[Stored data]
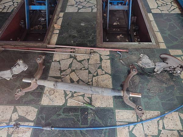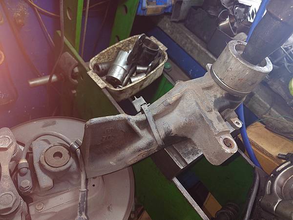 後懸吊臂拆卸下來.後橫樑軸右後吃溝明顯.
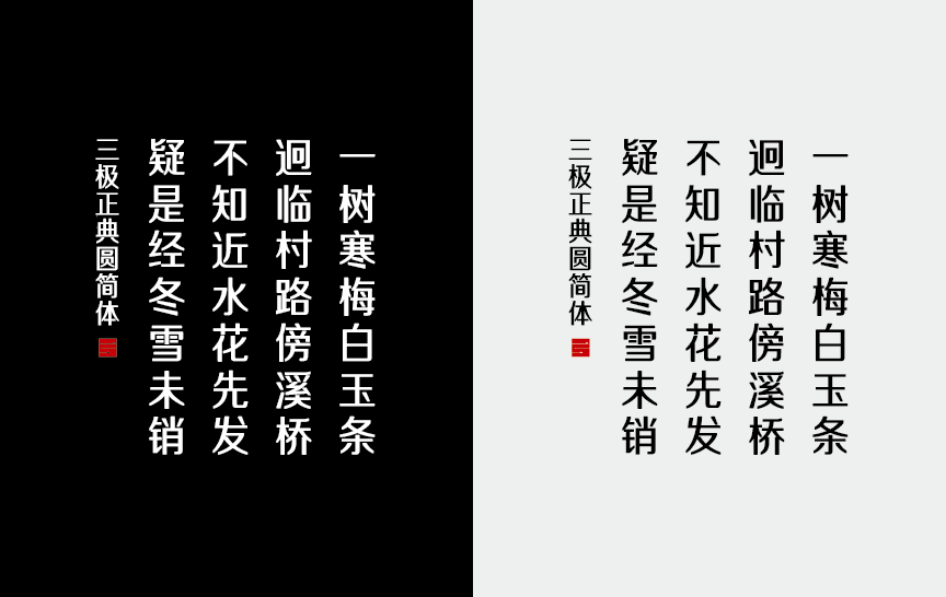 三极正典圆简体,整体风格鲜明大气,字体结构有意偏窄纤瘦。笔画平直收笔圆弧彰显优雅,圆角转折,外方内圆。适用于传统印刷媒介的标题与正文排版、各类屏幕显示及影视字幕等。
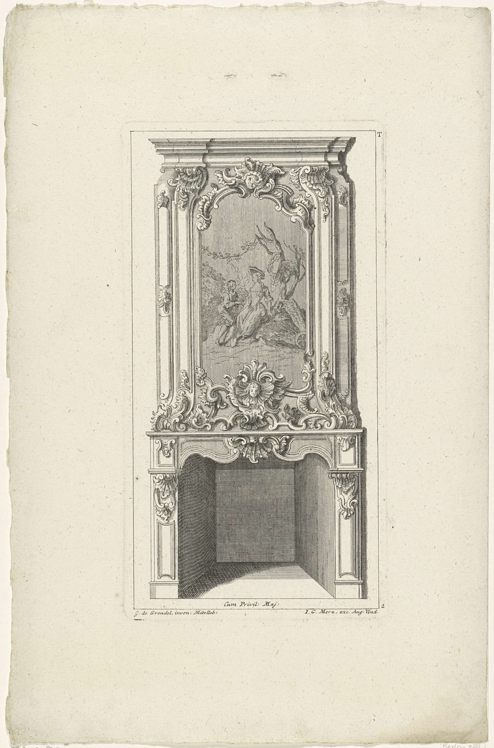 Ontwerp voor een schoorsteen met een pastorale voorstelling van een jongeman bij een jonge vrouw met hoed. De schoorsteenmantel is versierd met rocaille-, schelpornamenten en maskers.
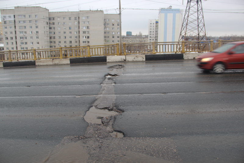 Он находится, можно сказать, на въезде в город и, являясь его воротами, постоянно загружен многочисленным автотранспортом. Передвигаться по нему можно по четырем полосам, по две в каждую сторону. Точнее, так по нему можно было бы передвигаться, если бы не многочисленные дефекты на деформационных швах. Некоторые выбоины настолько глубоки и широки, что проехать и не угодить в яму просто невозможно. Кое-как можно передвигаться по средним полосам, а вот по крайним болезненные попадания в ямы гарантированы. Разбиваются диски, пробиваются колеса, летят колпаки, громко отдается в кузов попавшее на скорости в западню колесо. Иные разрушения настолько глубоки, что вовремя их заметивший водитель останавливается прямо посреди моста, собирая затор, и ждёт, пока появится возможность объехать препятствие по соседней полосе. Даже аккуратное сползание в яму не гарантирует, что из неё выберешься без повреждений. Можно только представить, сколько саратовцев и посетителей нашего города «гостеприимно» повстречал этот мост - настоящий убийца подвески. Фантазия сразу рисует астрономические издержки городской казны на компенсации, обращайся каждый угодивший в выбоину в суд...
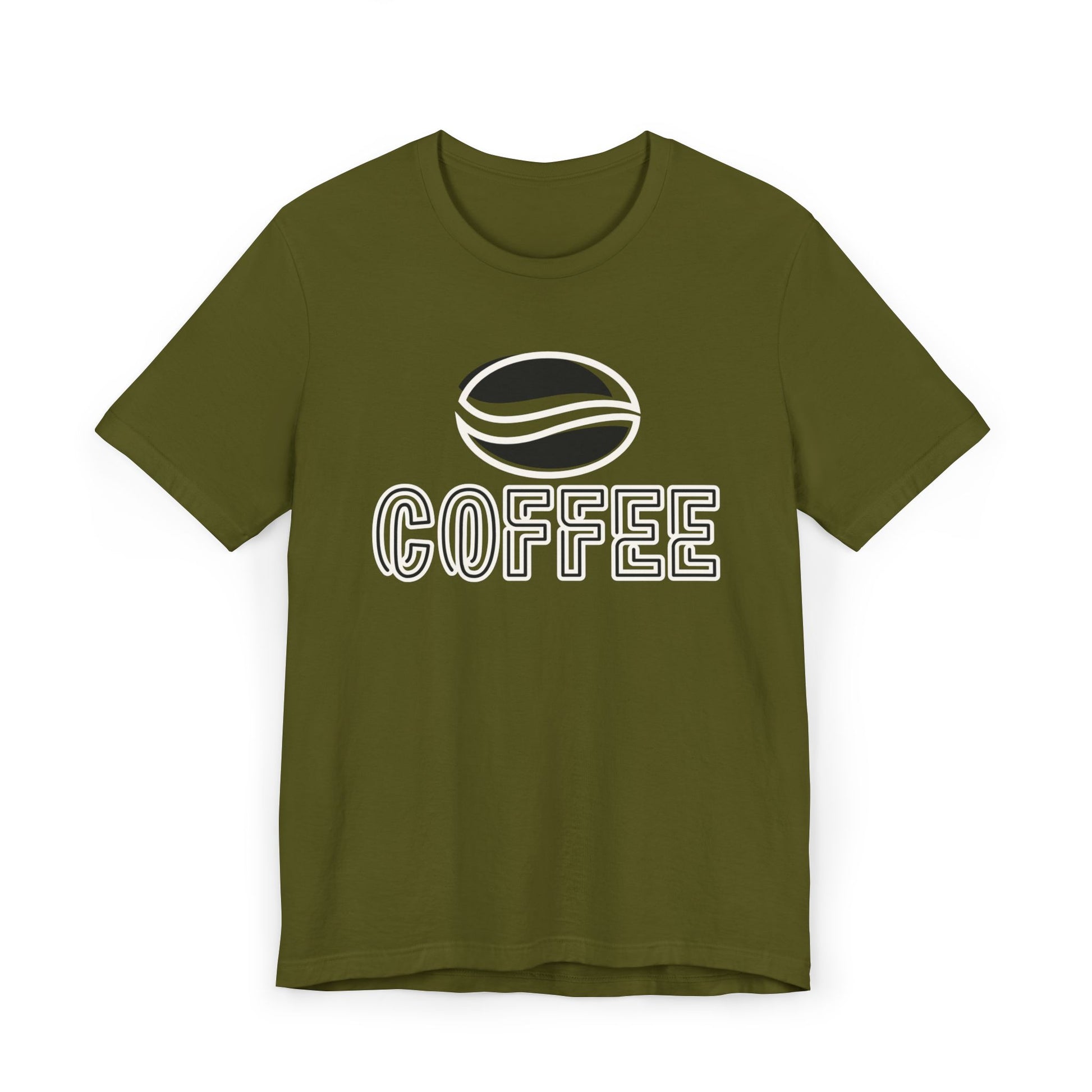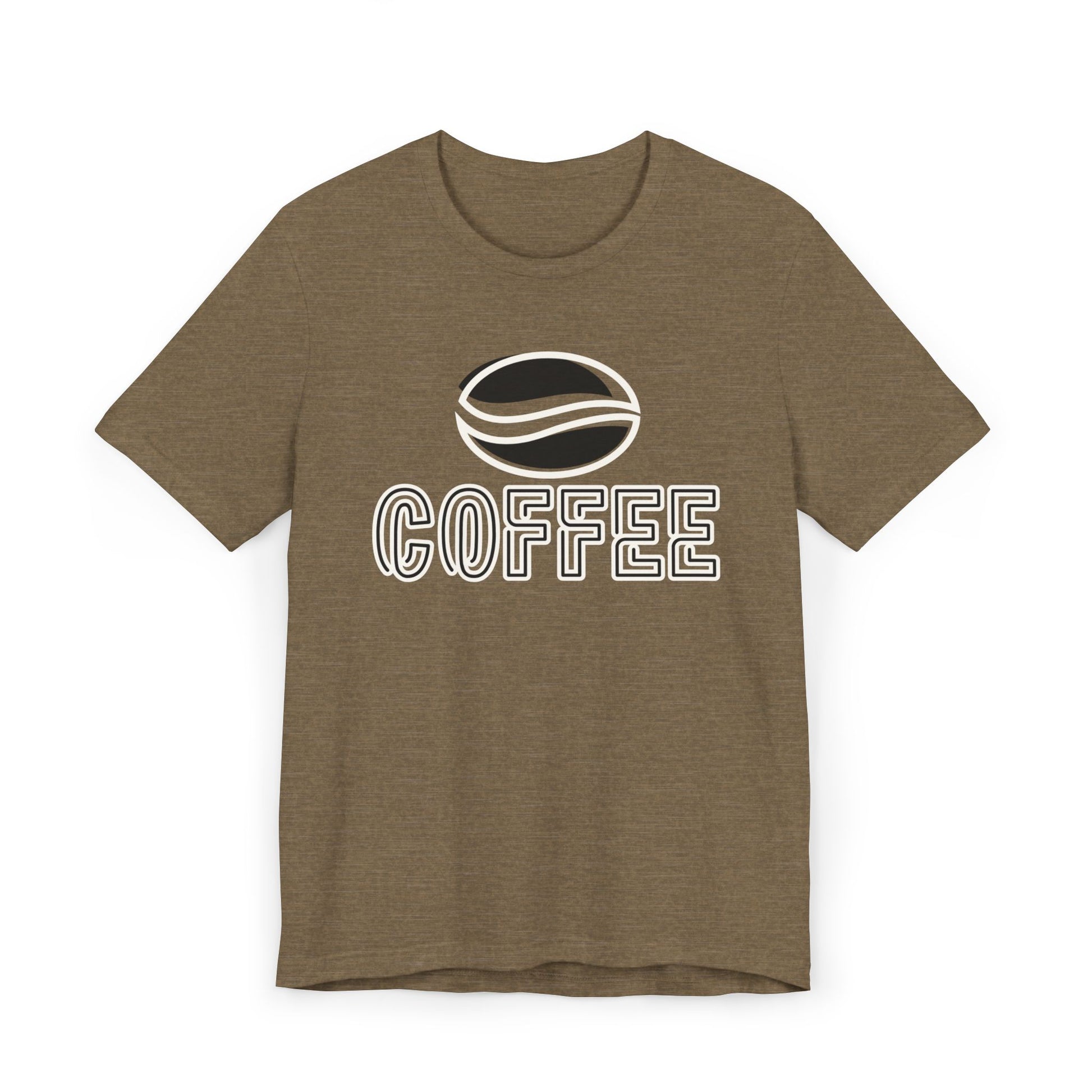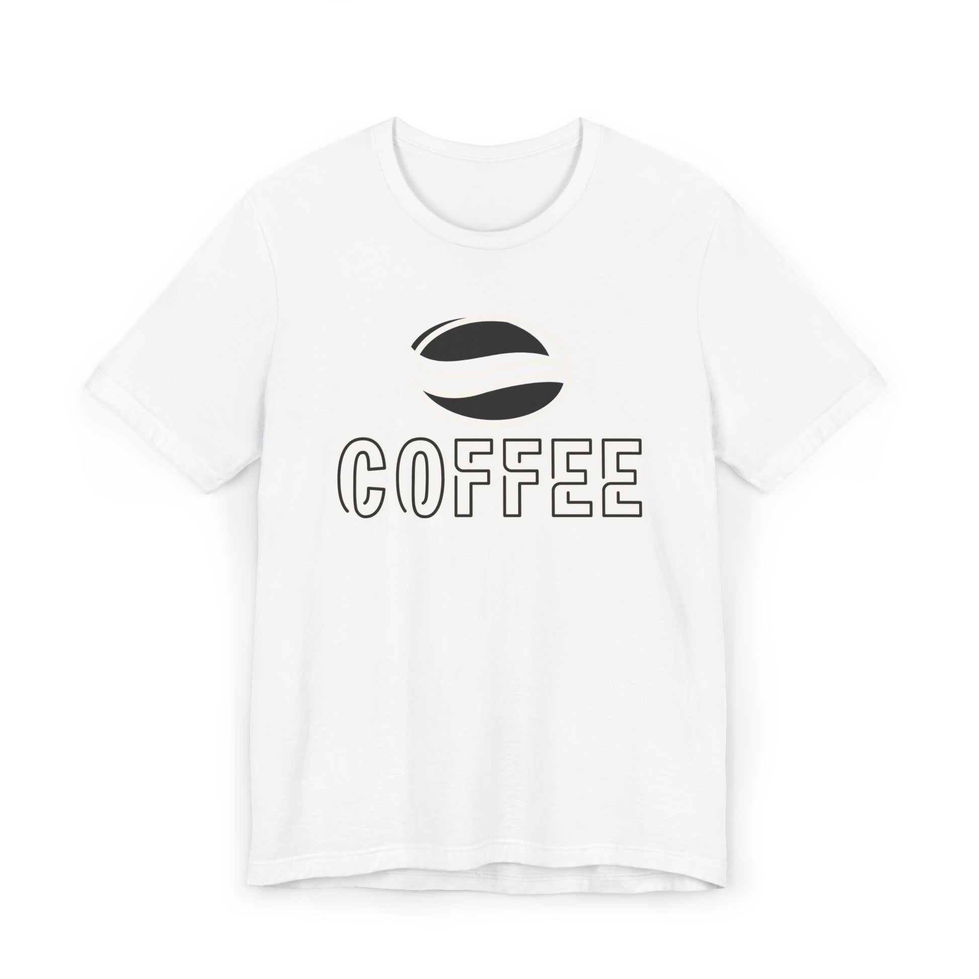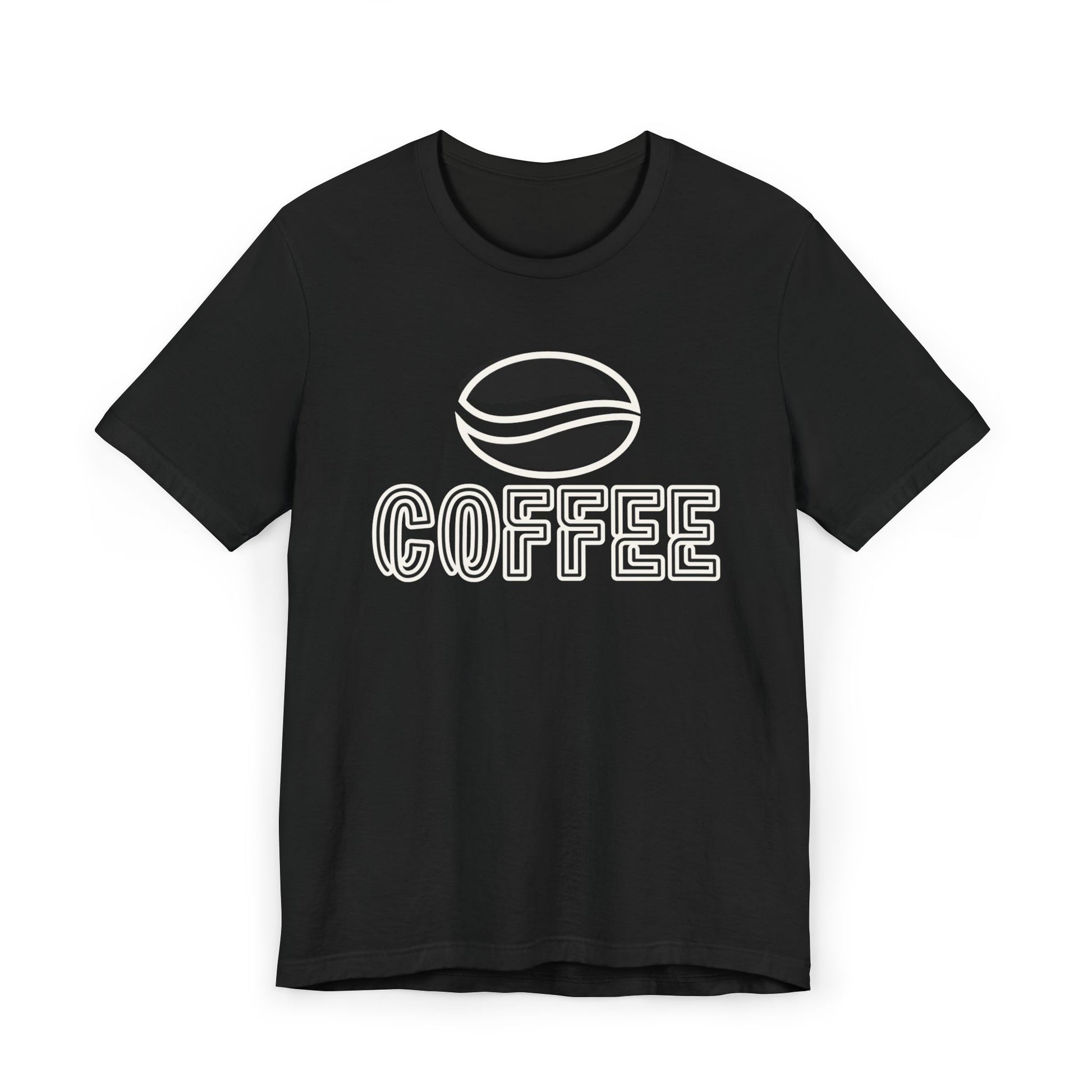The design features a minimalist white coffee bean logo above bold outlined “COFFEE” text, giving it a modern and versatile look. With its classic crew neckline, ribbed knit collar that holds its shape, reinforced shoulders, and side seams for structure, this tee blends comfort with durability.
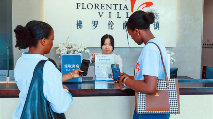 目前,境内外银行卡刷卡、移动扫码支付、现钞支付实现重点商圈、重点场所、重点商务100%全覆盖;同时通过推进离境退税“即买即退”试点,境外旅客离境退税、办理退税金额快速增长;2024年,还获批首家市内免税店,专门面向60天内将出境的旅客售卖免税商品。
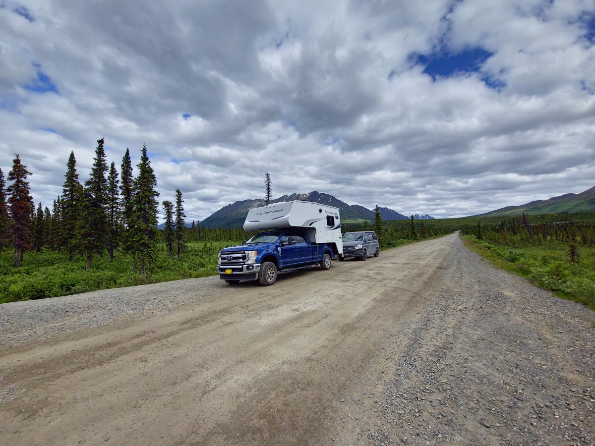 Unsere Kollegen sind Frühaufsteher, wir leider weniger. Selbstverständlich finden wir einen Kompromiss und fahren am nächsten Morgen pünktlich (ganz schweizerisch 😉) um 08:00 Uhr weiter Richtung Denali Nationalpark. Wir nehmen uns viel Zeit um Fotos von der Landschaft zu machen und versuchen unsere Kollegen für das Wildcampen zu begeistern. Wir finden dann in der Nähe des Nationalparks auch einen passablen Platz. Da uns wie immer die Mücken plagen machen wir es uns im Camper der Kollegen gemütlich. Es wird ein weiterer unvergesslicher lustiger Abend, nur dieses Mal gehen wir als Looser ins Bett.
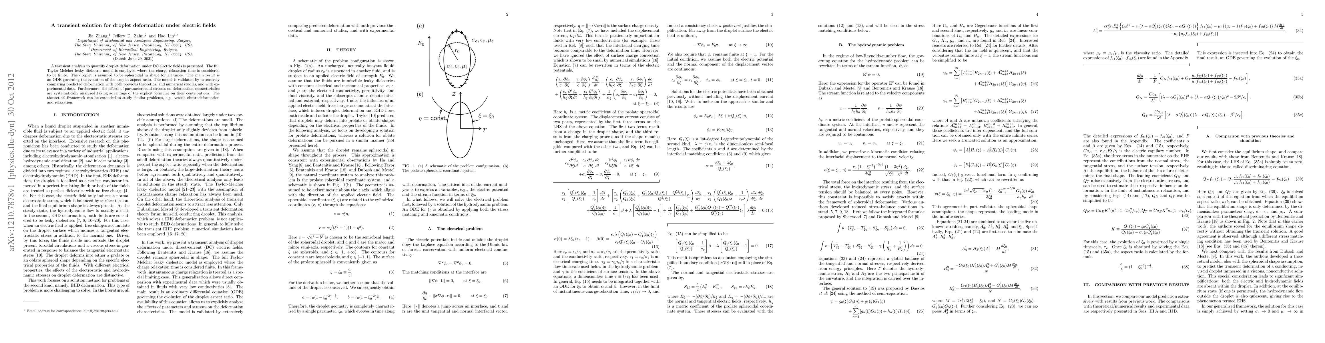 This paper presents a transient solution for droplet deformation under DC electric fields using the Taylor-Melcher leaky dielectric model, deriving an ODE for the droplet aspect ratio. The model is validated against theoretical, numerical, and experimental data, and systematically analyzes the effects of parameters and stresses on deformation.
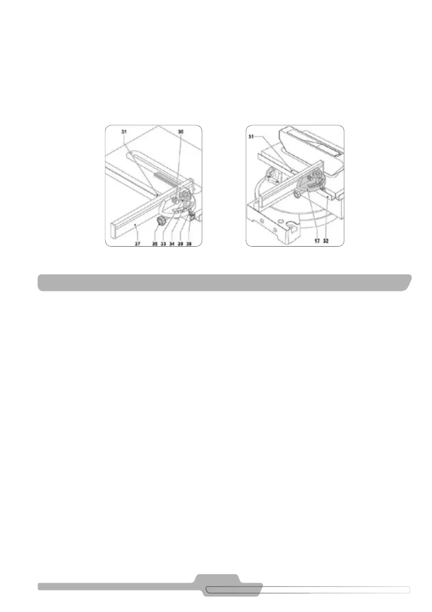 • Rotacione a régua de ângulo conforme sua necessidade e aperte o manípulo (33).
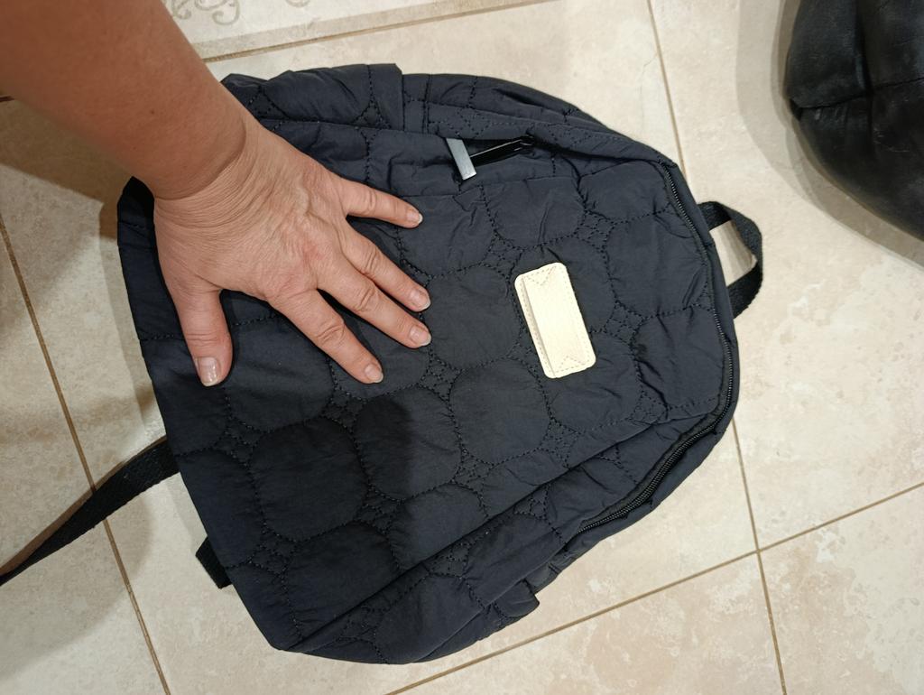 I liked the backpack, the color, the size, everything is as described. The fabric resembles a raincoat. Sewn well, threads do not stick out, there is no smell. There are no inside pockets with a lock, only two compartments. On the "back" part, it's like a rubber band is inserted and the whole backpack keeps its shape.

# What you will do
Set down the entries exactly as they appear, with every picture left out.

# Problem solution
 後懸吊臂拆卸下來.後橫樑軸右後吃溝明顯.
 三极正典圆简体,整体风格鲜明大气,字体结构有意偏窄纤瘦。笔画平直收笔圆弧彰显优雅,圆角转折,外方内圆。适用于传统印刷媒介的标题与正文排版、各类屏幕显示及影视字幕等。
 Ontwerp voor een schoorsteen met een pastorale voorstelling van een jongeman bij een jonge vrouw met hoed. De schoorsteenmantel is versierd met rocaille-, schelpornamenten en maskers.
 Он находится, можно сказать, на въезде в город и, являясь его воротами, постоянно загружен многочисленным автотранспортом. Передвигаться по нему можно по четырем полосам, по две в каждую сторону. Точнее, так по нему можно было бы передвигаться, если бы не многочисленные дефекты на деформационных швах. Некоторые выбоины настолько глубоки и широки, что проехать и не угодить в яму просто невозможно. Кое-как можно передвигаться по средним полосам, а вот по крайним болезненные попадания в ямы гарантированы. Разбиваются диски, пробиваются колеса, летят колпаки, громко отдается в кузов попавшее на скорости в западню колесо. Иные разрушения настолько глубоки, что вовремя их заметивший водитель останавливается прямо посреди моста, собирая затор, и ждёт, пока появится возможность объехать препятствие по соседней полосе. Даже аккуратное сползание в яму не гарантирует, что из неё выберешься без повреждений. Можно только представить, сколько саратовцев и посетителей нашего города «гостеприимно» повстречал этот мост - настоящий убийца подвески. Фантазия сразу рисует астрономические издержки городской казны на компенсации, обращайся каждый угодивший в выбоину в суд...
The design features a minimalist white coffee bean logo above bold outlined “COFFEE” text, giving it a modern and versatile look. With its classic crew neckline, ribbed knit collar that holds its shape, reinforced shoulders, and side seams for structure, this tee blends comfort with durability.
 目前,境内外银行卡刷卡、移动扫码支付、现钞支付实现重点商圈、重点场所、重点商务100%全覆盖;同时通过推进离境退税“即买即退”试点,境外旅客离境退税、办理退税金额快速增长;2024年,还获批首家市内免税店,专门面向60天内将出境的旅客售卖免税商品。
 Unsere Kollegen sind Frühaufsteher, wir leider weniger. Selbstverständlich finden wir einen Kompromiss und fahren am nächsten Morgen pünktlich (ganz schweizerisch 😉) um 08:00 Uhr weiter Richtung Denali Nationalpark. Wir nehmen uns viel Zeit um Fotos von der Landschaft zu machen und versuchen unsere Kollegen für das Wildcampen zu begeistern. Wir finden dann in der Nähe des Nationalparks auch einen passablen Platz. Da uns wie immer die Mücken plagen machen wir es uns im Camper der Kollegen gemütlich. Es wird ein weiterer unvergesslicher lustiger Abend, nur dieses Mal gehen wir als Looser ins Bett.
 This paper presents a transient solution for droplet deformation under DC electric fields using the Taylor-Melcher leaky dielectric model, deriving an ODE for the droplet aspect ratio. The model is validated against theoretical, numerical, and experimental data, and systematically analyzes the effects of parameters and stresses on deformation.
 • Rotacione a régua de ângulo conforme sua necessidade e aperte o manípulo (33).
 I liked the backpack, the color, the size, everything is as described. The fabric resembles a raincoat. Sewn well, threads do not stick out, there is no smell. There are no inside pockets with a lock, only two compartments. On the "back" part, it's like a rubber band is inserted and the whole backpack keeps its shape.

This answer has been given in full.